One of the reasons many people fail, even sadly, at the investing game is because they play it without understanding the rules that govern it. It is an obvious truth that you cannot win the game if you break the rules. However, you must know the rules before you can avoid breaking them.
Another reason people fail to invest is because they play the game without understanding what it is all about. This is why it is important to unmask the meaning of the term ‘investment’. What is investment? Investments generate valuable income. It is very important that you pay attention to every word in the definition because they are important in understanding the true meaning of investing.
From the above definition, there are two main characteristics of an investment. Any holdings, holdings or property (yours) must meet both requirements before it can qualify for (or be called) an investment. AKDSEO merupakan agency digital marketing yang fokus melayani jasa Backlinks dan Link building website, termasuk di dalamnya Jasa Menaikkan DA ( Domain Authority) Otherwise, it will be something other than an investment.
The first feature of an investment is that it is valuable – something very useful or important. Therefore, any possession, possession or property (yours) that has no value is not, and cannot be, an investment. According to this standard definition, possession, possession or property that is worthless, useless or meaningless is not an investment. Reed Manning, Spa & Salon Every investment has a value that can be measured in money. In other words, every investment has a monetary value.
The second characteristic of an investment is that, in addition to being valuable, it must generate income. This means that it must be able to make money for the owner, or at least help the owner in the process of making money. Every investment has the capacity, obligation, responsibility and function to create wealth. This is an irrevocable investment feature.
Any possession, possession, or property that cannot generate income for the owner, or at least assist the owner in generating income, is not, and cannot be, an investment, regardless of how valuable or valuable it is. Moreover, any holdings that cannot play this financial role are not investments, regardless of how expensive or expensive they are.
There is another investment feature that is closely related to the second feature described above that you should pay attention to. It will also help you realize whether an investment is worth it or not. Investments that don’t make money in the truest sense of the word, or help generate income, save money.
Such an investment saves the owner a portion of the costs he would have incurred in his absence, even though it may not have the capacity to pull some money into the investor’s pocket. Thus, the investment makes money for the owner, although not in the true sense. In other words, investment continues to carry out the function of creating wealth for the owner/investor.
As a rule, any valuable item, apart from being something very useful and important, must have the capacity to generate income for its owner, or save money for it, before it can qualify to be called an investment. It is important to emphasize the second feature of an investment (i.e. investment as an income generator).
The reason for this claim is that most people only consider the first feature in their judgment of what constitutes an investment. They understand investment only as something of value, even if that value eats up income. Such misunderstandings usually have serious long-term financial consequences. Such people often make expensive financial mistakes that cost them a lot of money in their lives.

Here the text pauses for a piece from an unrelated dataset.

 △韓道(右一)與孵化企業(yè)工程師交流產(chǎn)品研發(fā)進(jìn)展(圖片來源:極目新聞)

Perhaps, one of the causes of this misconception is that it is acceptable in the academic world. In financial studies in conventional educational institutions and academic publications, investments – otherwise called assets – refer to valuables or properties. This is why business organizations regard all their valuables and properties as their assets, even if they do not generate any income for them.

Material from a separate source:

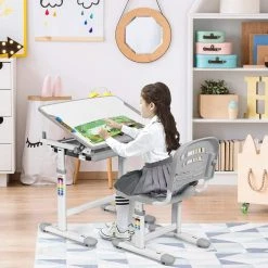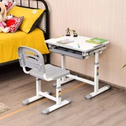 Gerade bei Kindern bzw. Jugendlichen ist die Auswahl des passenden Schreibtisches unter ergonomischen Gesichtspunkten entscheidend. Unser praktscher Kinderschreibtisch gibt es drei schöne Farbe Grau, Blau und Rosa. Der höhenverstellbar Tisch ist perfekt für wachsende Kinder geeignet. Die Arbeitsfläche ist neigbar und ideal für verschiedene Lernaktivitäten. Unter der Tischplatte ist ein Schubfach integriert, hier finden Stifte und Kleinigkeiten einen guten Platz für Ordnung im Kinderzimmer.

This notion of investment is unacceptable among financially literate people because it is not only incorrect, but also misleading and deceptive. This is why some organizations ignorantly consider their liabilities as their assets. This is also why some people also consider their liabilities as their assets/investments.
It is a pity that many people, especially financially ignorant people, consider valuables that consume their incomes, but do not generate any income for them, as investments. Such people record their income-consuming valuables on the list of their investments. People who do so are financial illiterates.

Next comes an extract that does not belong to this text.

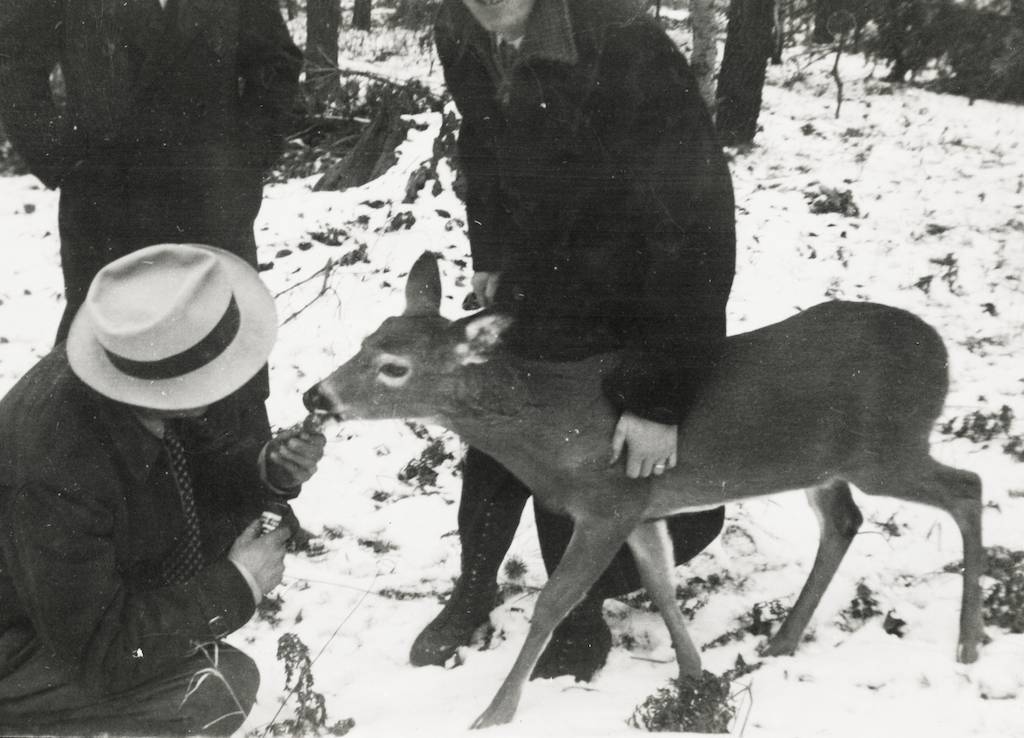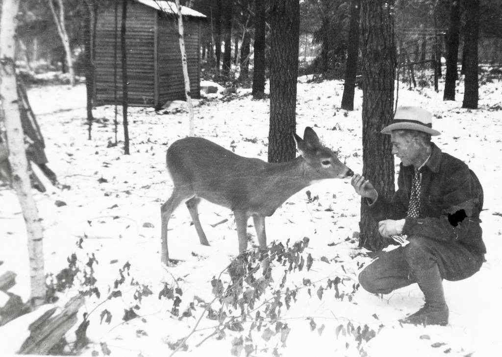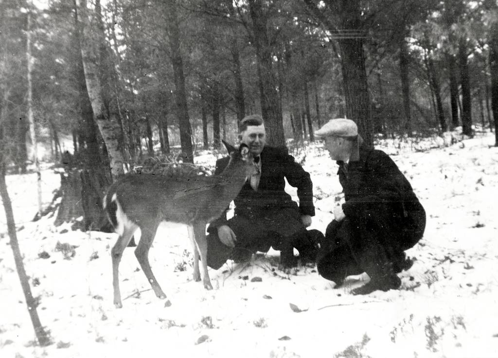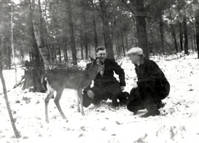 MIDDLE PHOTO: That was one of the rental cabins at Paulding. Once Esther was sitting on the couch in the cabin, chatting with the men when suddenly a little mouse came scampering along the back of the couch right behind her. Everybody but Esther saw it but they were all very quiet about it. They probably didn’t want to scare the poor mouse--not to mention Esther! She never saw it but after a bit they told her about it. By then it was too late to react, but they all had a good laugh from it. In the photo Carl Jr. and Carl Sr. stand in front with Jippy sitting on a stump.

This is why they have no future in their finances. What financially literate people describe as income-consuming valuables are considered as investments by financial illiterates. This shows a difference in perception, reasoning and mindset between financially literate people and financially illiterate and ignorant people. This is why financially literate people have future in their finances while financial illiterates do not.
From the definition above, the first thing you should consider in investing is, “How valuable is what you want to acquire with your money as an investment?” The higher the value, all things being equal, the better the investment (though the higher the cost of the acquisition will likely be).
The second factor is, “How much can it generate for you?” If it is a valuable but non income-generating, then it is not (and cannot be) an investment, needless to say that it cannot be income-generating if it is not a valuable. Hence, if you cannot answer both questions in the affirmative, then what you are doing cannot be investing and what you are acquiring cannot be an investment. At best, you may be acquiring a liability.